Марк с трудом удерживается, чтобы не возразить: первым от нее точно лопнет аббат.
— Это политика, брат мой Марк. Это теперь называется политика. Но даже не в Рагузе самая большая опасность. Ты же знаешь, что там, на берегу, ныне — Сербское царство. Стефан Душан
[70], провозгласивший себя кесарем, затмил величие Ромейской греческой державы и прибрал под свое крыло все материковые земли. Того и гляди, положит лапу на Острова. Лучше уж отдаться Рагузе, чем…
— А чем плохи сербы? — спрашивает Марк.
— Да ты в уме ли, брат! Еретики! Раскольники!
— Так еретики или раскольники? Это два разных чина.
— Они не чтут папу! У них священники женатые! И вообще… мы тут Душану будем, что ли, подчиняться?! Отродясь такого не бывало…
— Мне вот видится, есть куда большая опасность, чем сербы. Это турки. Они вовсе не веруют во Христа.
— Турки? Османы? Агаряне которые? Они тихо сидят себе за Босфором и никому не мешают. А если немного пощиплют греков, болгар и сербов, нам это только на пользу, брат Марк. Это политика. И у меня к тебе деликатное поручение…
Марк настораживается, но молчит.
— Ты же знаешь, что здесь, на Острове, полно тайных богумилов, а еще сербских раскольников, а возможно, и богомерзкие иудеи пустили свои корни на нашей земле. Нам нужна твердая, крепкая вера. И тогда, может быть, мы упросим кого-нибудь при дворе Святейшего Отца, к примеру твоего Франциска, даровать нам аудиенцию, переговорить, мы убедим Его Святейшество надавить на Рагузу… Но для этого надо поднять благочестие на этом Острове.
— Политике — не поможет.
— Не рассказывай мне, чего не знаешь! Все возможно верующему. И для начала — привести саму веру на Острове к крепкому, надежному образцу. Что мы видим сейчас? Разброд и шатание. Народ почитает какую-то святую Миру, она же Ирина. От нее ни мощей, ничего, кроме каких-то бус, якобы с ее шеи. Я повелел убрать их в ризницу, кстати, не место им на престоле.
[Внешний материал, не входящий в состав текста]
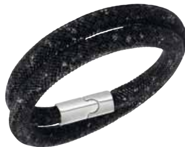
Stardust Double Bracelet, M cod. SW5089844 - € 79.00

L'imperdibile bracciale è composto da un morbido tubolare a rete di nylon che trattiene una miriade di minuti Clear Crystal per un brillante effetto 3D. La creazione è completata da una pratica chiusura magnetica in metallo palladiato, perfetta da abbinare ad altri gioielli da polso.
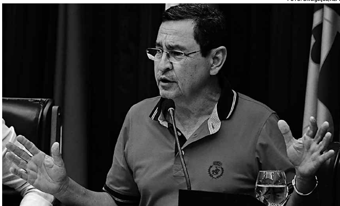
“O que está em jogo é muito mais que a defesa do Governo Federal”, ressaltou o deputado
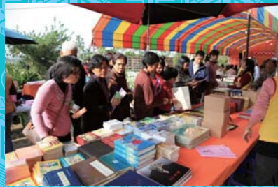
“智者的書”廣結法緣
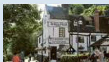
Ye Olde Trip to Jerusalem, antichissima locanda di Nottingham

Itinerari d'autore in Inghilterra, per chi cerca Robin Hood, Dylan Thomas e Agatha Christie
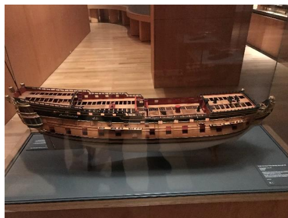
Figura 16 – Art Gallery
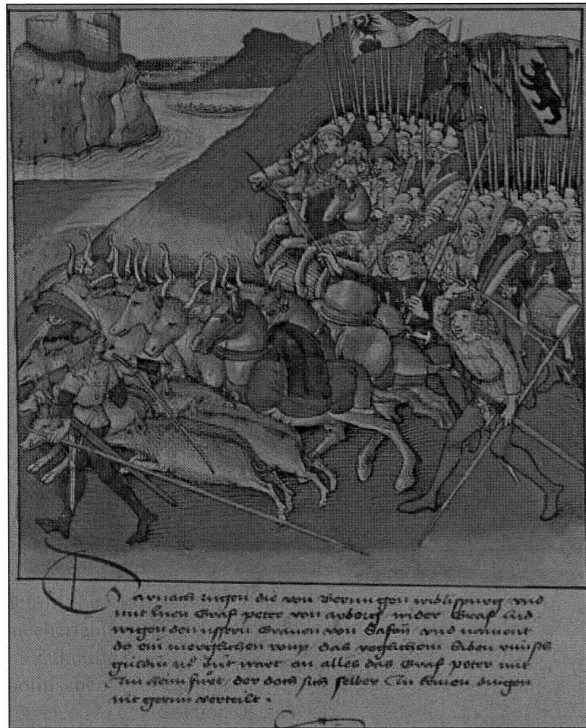
Abbildung 1: Diebold Schilling, Spiezer Bilderchronik (1484/85); ein Raubzug nach Avenches (Burgerbibliothek Bern, Mss.h.h. I.16).

Die Fleischversorgung hatte in der mittelalterlichen Stadt eine besondere Bedeutung, weil in der Nähe der Städte
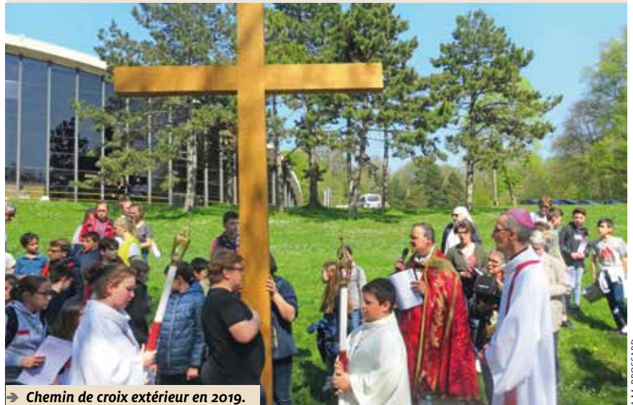
→ Chemin de croix extérieur en 2019.

Veillée à 20h à la cathédrale. Messes comme les samedis et dimanches ordinaires.
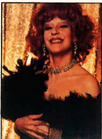
La Cubana. un per un, definitivament convertits en vedettes.

darrere de la festa de l'envelat. I de la curiositat de més grans, de descobrir també què hi ha darrere el paper de vedette.
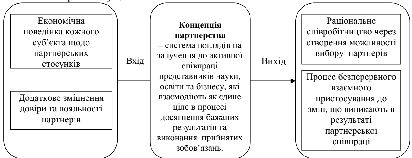
Рис. 1 Графічна інтерпретація концептуального підходу до відображення сутності партнерства

3. Теорія зацікавлених сторін є загальною й всебічною, але у той же час має також і практичну цінність.
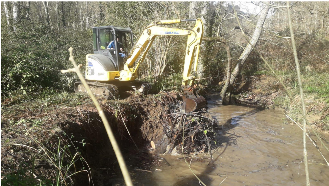
Retroexcavadora el río Tinto / arroyo Rioseco
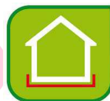
Izolácia proti tlakovej vode
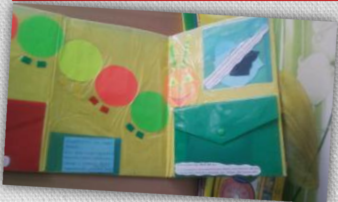
«Форма, цвет, величина»
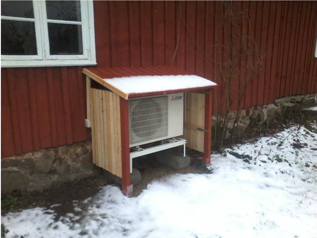
Luftvärmepumpen kläddes delvis in med väggar och lutande tak av spontade brädor. På bilden är brädorna endast delvis avfärgade med röd slamfärg likt fasaden men samtliga sidor, inklusive insidorna, kommer att målas. I samband med installationen isolerades vindsutrymmet över halva bostadsdelen med träfiberskivor som lades löst på vindsgolvet.
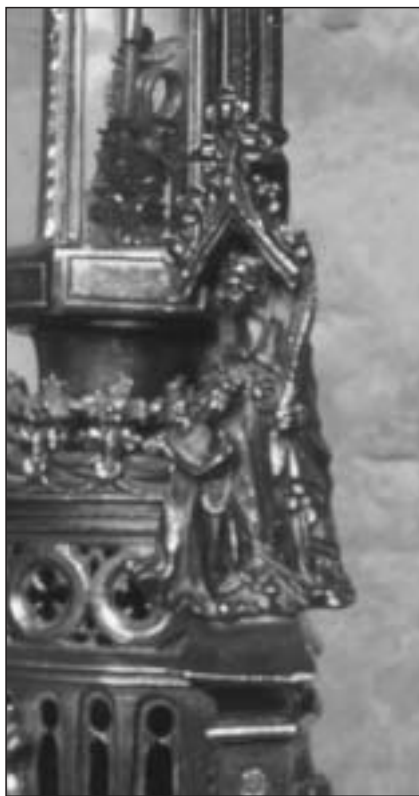
Fig. 7. Relicario de la Santa Espina. Detalle de la reina en oración.

Existen apoyos circunstanciales para esta atribución. Por una parte, sabemos que doña Blanca fue muy devota, especialmente de la Virgen María, como lo demuestran sus peregrinaciones a Ujué, al Pilar de Zaragoza, a Guadalupe y a Santa María de Nieva, donde murió y fue enterrada. Por otra, el que decidiera ser representada en forma semejante a ésta (si bien en pie, no arrodillada) en uno de los pilares del claustro de Santa María de Olite. Por desgracia, no conservamos sus cuentas previas a acceder al trono navarro, donde hubiéramos podido documentar la ejecución de la obra. Por último, no resulta habitual que una reina como doña Leonor se hubiera hecho representar ante la imagen de Santa María sola, sin su marido, en vida de éste 33 .
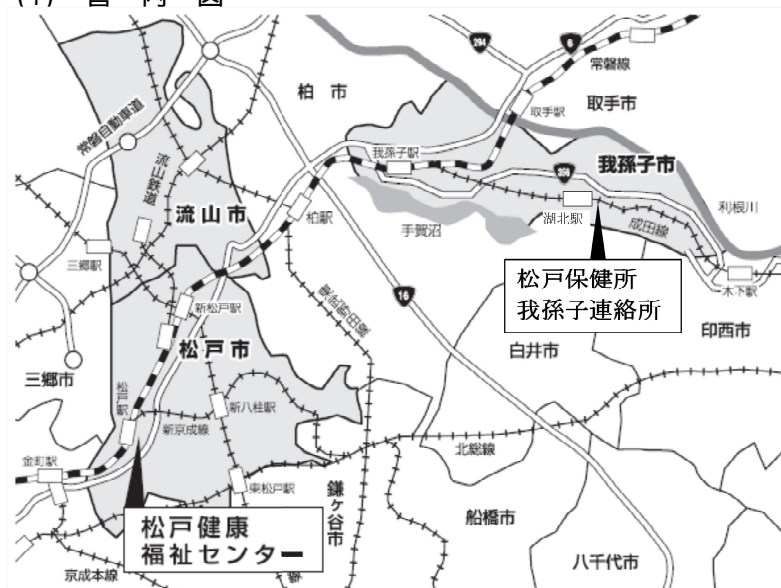
図3 - (1) 管内図

3 千葉県面積は平成23年版全国市町村要覧（総務省発行）に記載されている便宜上の概算数値による。
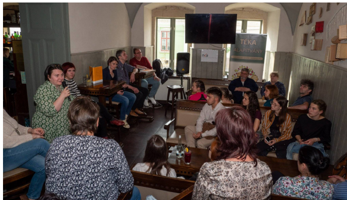
Elszigetelve könyvbeemutató
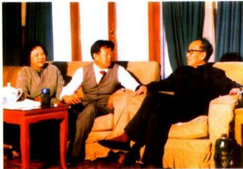
全国政协副主席王任重邀请画家夫妇在家作客
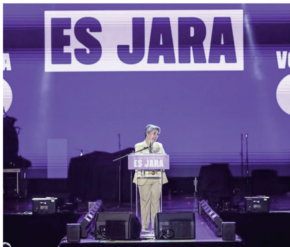
Jara parte como favorita pero habría segunda vuelta, según los sondeos previos.

En el padrón están habilitadas 15.770.000 personas para sufragar: las encuestas mencionan una posible segunda vuelta con la participación de la oficialista Jara.

Тоже мне, Мира… небось вроде этой Луары… Лауры… чьей-то воспаленной фантазии. Якобы первая христианка на Острове. И еще какого-то Евстафия чтут, мол, он не то крестил варваров, не то погиб, защищая святыни. Ничего нет достоверного — ни мощей, ни жития. Мы проверяли.
Итак, твоя задача — подобрать Острову настоящего, хорошего, надежного святого покровителя, лучше двух или даже трех. Апостолов, чудотворцев, епископов. Ведь все они где-то тут проплывали, останавливались наверняка у нас. Найди в житиях какую-нибудь зацепку, а брата Фому-ключника я попрошу справиться насчет мощей, где можно добыть и по какой цене. В Венеции, конечно, больше всего мощей, там и скидку хорошую сделают, если узнают насчет Рагузы. А то и в Авиньон тебя снова отправим, ты ж, поди, скучаешь… Но сначала надо определиться с именами — кого именно искать. Ты меня понял?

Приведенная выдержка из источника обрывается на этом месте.